With pragmatism and compromise. Here is the fundamental insight: Reasonable people disagree about whether or not abortion should be illegal; but no reasonable person thinks that abortion is a good thing.

Reasonable people disagree about how readily guns should be available and what the requirements for purchase ought to be; but no reasonable person wants guns to fall into the hands of criminals or those who are dangerously mentally ill.
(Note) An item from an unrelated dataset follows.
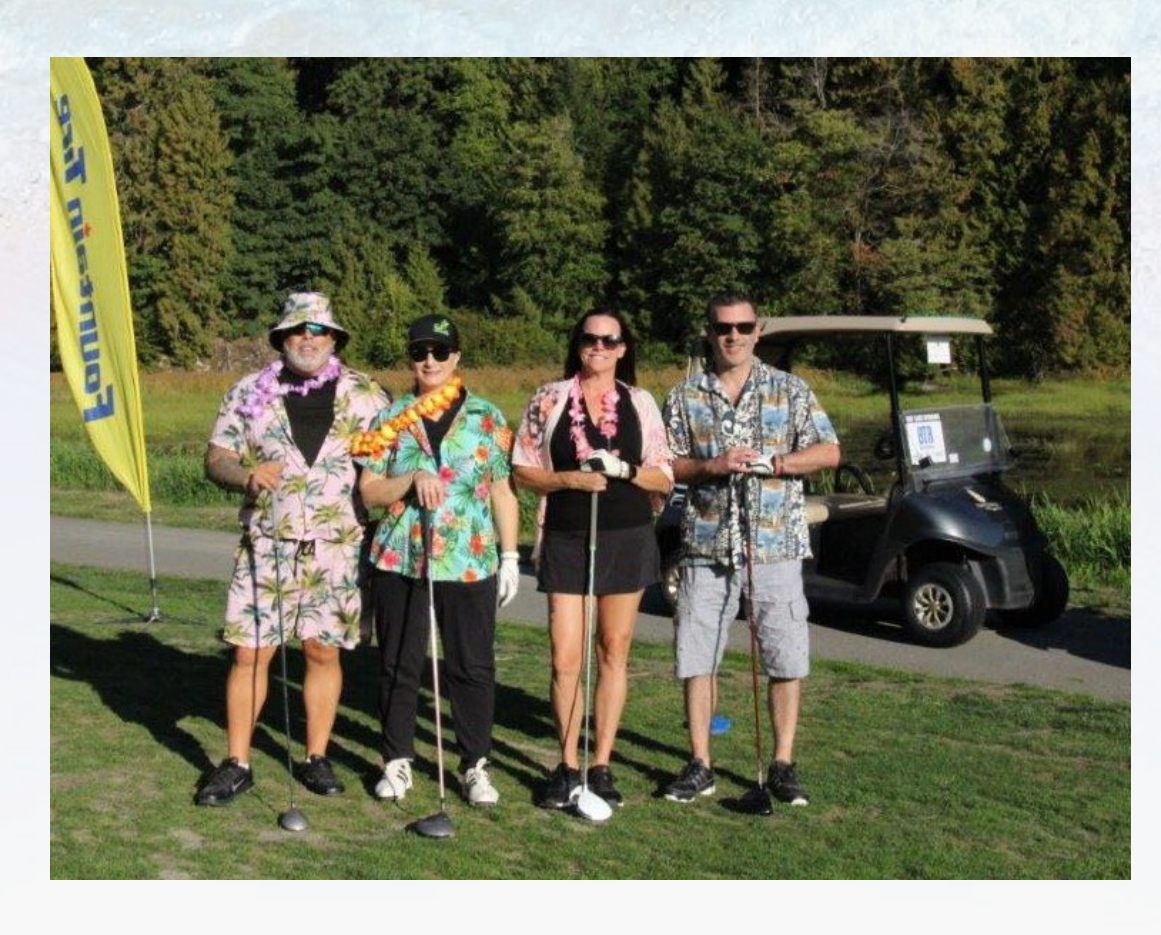
TEAM 3A 9FL - COQVITLAM

There are plenty of other social issues: drug policy, stem cell research, flag burning, the death penalty, and so on. In time, the Centrist Party will have to wrestle with them all. For now, abortion and guns will do a fine job of illustrating how the Centrist Party can bring people together on issues that normally drive them apart. The key to diffusing these ideologically charged social issues is refocusing them on two more pragmatic questions: 1) What is the real harm to society associated with this activity? 2) How can we minimize that harm? The answers to those questions will dictate Centrist policy. Is that going to make everybody happy? Of course not. But the purpose of the Centrist Party is not to make everybody happy, particularly the political poles. The purpose of the Centrist Party is to craft an agenda that a large swathe of underrepresented moderate American voters can get behind. On the major social issues, that’s entirely possible.
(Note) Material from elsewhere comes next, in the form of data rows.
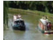
Grand Union Canal

The Grand Union Canal winds its way through Milton Keynes creating a haven of tranquillity. Canal boats first travelled from London to Birmingham, through what is now Milton Keynes, in 1805. The Canal prospered until 1838, when the London to Birmingham Railway opened and took away a great deal of trade.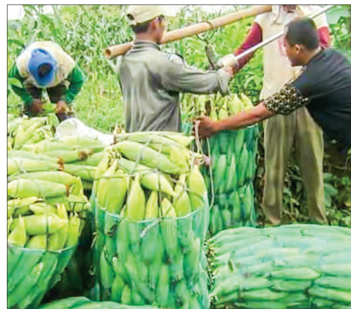
At present, corn is abundantly produced in Shan, Kachin and Kayah states. It is soon to be harvested in Nay Pyi Taw areas (Tatkon and Pyinmana townships).

The corn can be planted in multiple cropping forms. At present, corn is abundantly produced in Shan, Kachin and Kayah states. It is soon to be harvested in Nay Pyi Taw areas (Tatkon and Pyinmana townships).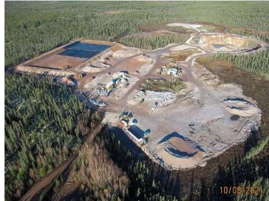
Aerial view of Nechalacho, October 2021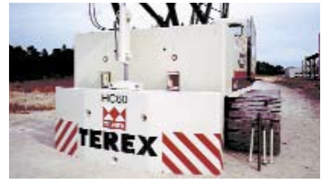
Hydraulic removable counterweight system

Let me pause to note that there is one prominent issue missing from that introduction: gay marriage. The Centrist Party must support gay marriage for the simple reason that there is no legitimate reason to be against it. What is the potential harm to society associated with same-sex marriage? Answer: There is none. Marriage is a private contract between two consenting adults. It is the capstone to a loving relationship that also bestows significant legal rights. There must be some compelling harm that spills over to the rest of society if government is to stand in the way of this private behavior. But there is not. How might it be bad for society in general if two people of the same sex decide to enter into a legal relationship? As a former military officer once grumbled to me, “I don’t have to like it. I just don’t think it’s any of my business.” The notion that gay marriage somehow diminishes heterosexual marriage would be laugh-out-loud funny if it were not the most common rationalization for denying gay couples a basic right.

This is a position, by the way, that both liberals and small-government conservatives ought to agree on. Gay marriage promotes social justice (a traditional liberal objective) by granting new rights to a group that has historically been discriminated against. It also gets government out of the business of arbitrating private morality (a traditional conservative objective). Obviously there is a significant clash on this issue between traditional conservatives, who favor small government with a limited reach, and social conservatives, who are eager to have government police private behavior. This is only one of many areas in which the core constituencies of the Republican Party are fundamentally at odds with one another.

For the Centrists, there is no need to compromise on this issue because there is no intellectually legitimate difference of opinion. As an aside, supporting gay marriage is also good politics in the long run. A Gallup poll conducted in 2011 found that for the first time a majority of Americans support gay marriage (53 percent), up from only 27 percent in 1996. In 20 years, this won’t be a mainstream issue. In a private conversation, a senior Gallup official said that he has never seen a social issue on which opinions have changed so quickly. Not only are attitudes changing fast, but young Americans are far more likely to support gay marriage than older Americans. The same Gallup poll found that 70 percent of 18 to 34 year olds support gay marriage, compared to only 39 percent of those 55 and older. Young people will get older; old people will die. Even if no single American changes his or her mind on this issue, the passage of time alone will lead to a steady change in overall public opinion, assuming young generations continue to be more comfortable with homosexuality than older generations.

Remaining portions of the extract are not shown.